Зариф Фатыхович в прежней квартире Артема Михайловича живет, — поспешила объяснить Ольга Александровна. — Артем Михайлович получил новую в верхней части города. Хорошую, просторную квартиру.

— В ногах правды нет, присаживайся, — обратился Матвей Яковлевич к Муртазину, который все никак не мог прийти в себя от неожиданности.

Усаживаясь за стол, Муртазин сказал, чтобы сделать приятное Матвею Яковлевичу:

— Ребенок, он, Зариф, чует хороших людей. К недобрым он и близко не подойдет.

Матвей Яковлевич просветлел немного, и все же чувствовалось, что ком накопившейся в его душе обиды до конца не растаял. А Муртазину так хотелось, чтобы от обиды не осталось следа.

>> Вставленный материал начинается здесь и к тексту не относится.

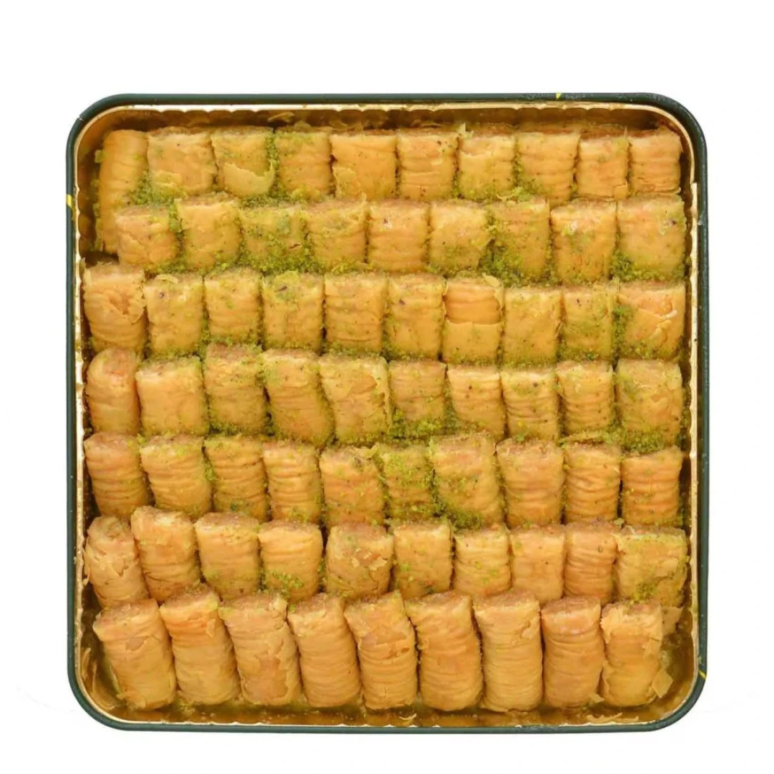 - كل قطعة مصنوعة من طبقات رقيقة مقرمشة من عجينة الفيلو محشوة بالمكسرات المفرومة المحمصة ومغموسة في شراب حلو

— В этой комнате, Зариф, — оглядывался он по сторонам, — прошли мои самые лучшие, самые беспечные годы. Притащился я из деревни. В город — учиться. В старых лаптях, помню. По-русски ни «а», ни «б» не смыслю. Думал, уж с голоду помру. Да вот свела меня судьба с хорошими людьми — с Ольгой Александровной да с Матвеем Яковлевичем. Не будь их, я бы, чего доброго, и до воровства докатился, чтобы с голоду не подохнуть. А по этой дорожке только поди один конец — тюрьма. Им спасибо, — сделали из меня человека.

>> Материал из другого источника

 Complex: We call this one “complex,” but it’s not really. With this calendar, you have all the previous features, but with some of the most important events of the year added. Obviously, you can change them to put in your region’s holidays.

— Не мы, а Советская власть, — перебил его Матвей Яковлевич. — Такое большое дело одному человеку непосильно.

Муртазин с Гаязовым понимающе улыбнулись друг другу.

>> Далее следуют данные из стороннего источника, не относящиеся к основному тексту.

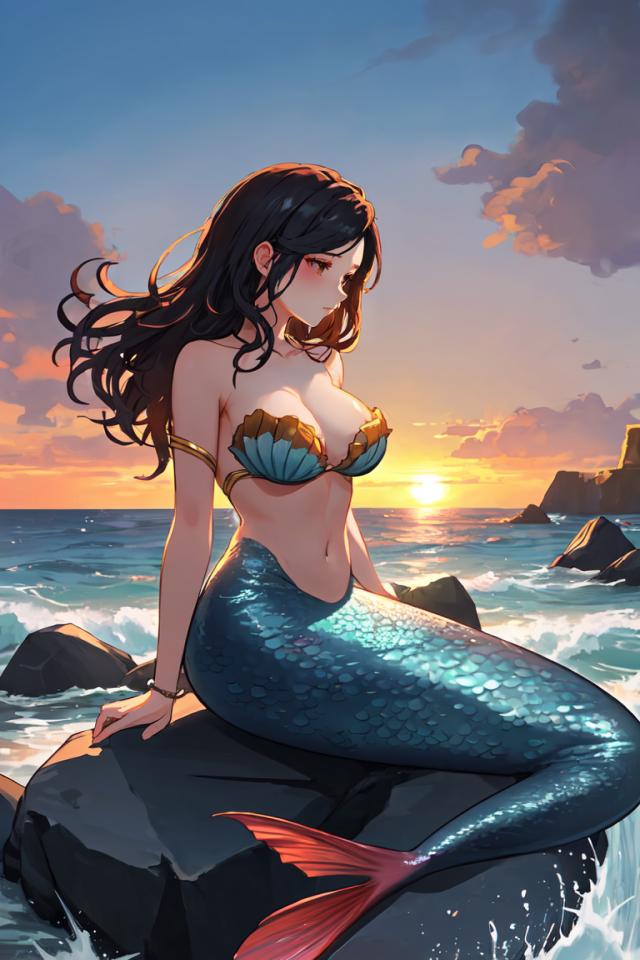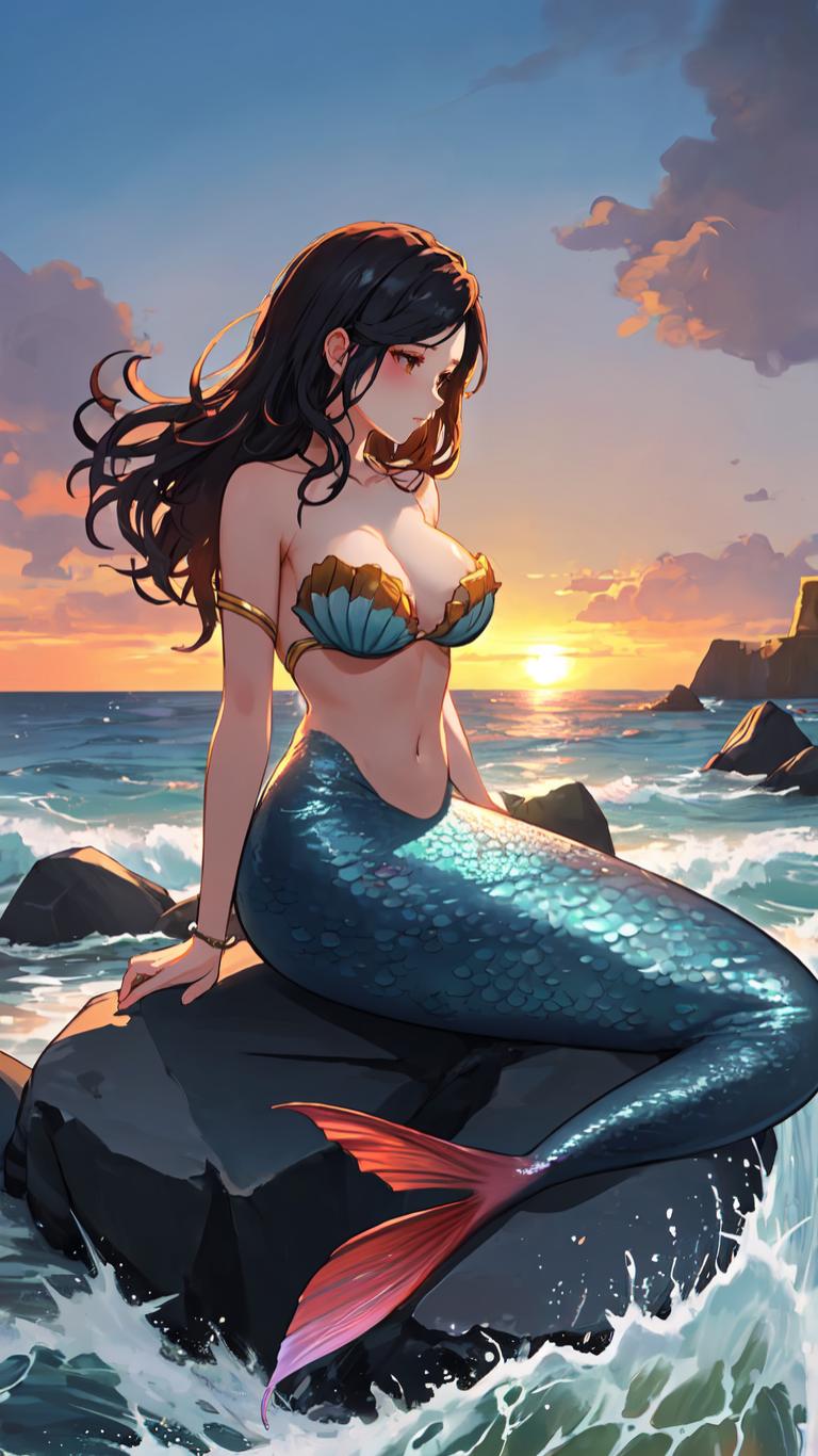 1girl, armlet, bare shoulders, bikini, black hair, blush, bracelet, brown eyes, cleavage, cloud, collarbone, jewelry, large breasts, long hair, looking away, mermaid, monster girl, navel, ocean, outdoors, rock, shell, shell bikini, sitting, sitting on rock , sky, solo, stomach, sunset, swimsuit, water, waves

— Если говорить вообще, это, конечно, так, — сказал Муртазин, вернувшись к своему обычному тону, — но диалектика говорит, что истина всегда конкретна.

Лицо Матвея Яковлевича снова потемнело, лохматые брови насупились. Тут уж пришел на помощь Гаязов.

— Матвей Яковлевич не любит, когда его хвалят, — сказал он.

— О, вы его еще не знаете, Зариф, — подхватил Муртазин и взглянул на Ольгу Александровну, как бы взывая «помоги!». — Верно, Ольга Александровна? Матвей Яковлич — он с характером!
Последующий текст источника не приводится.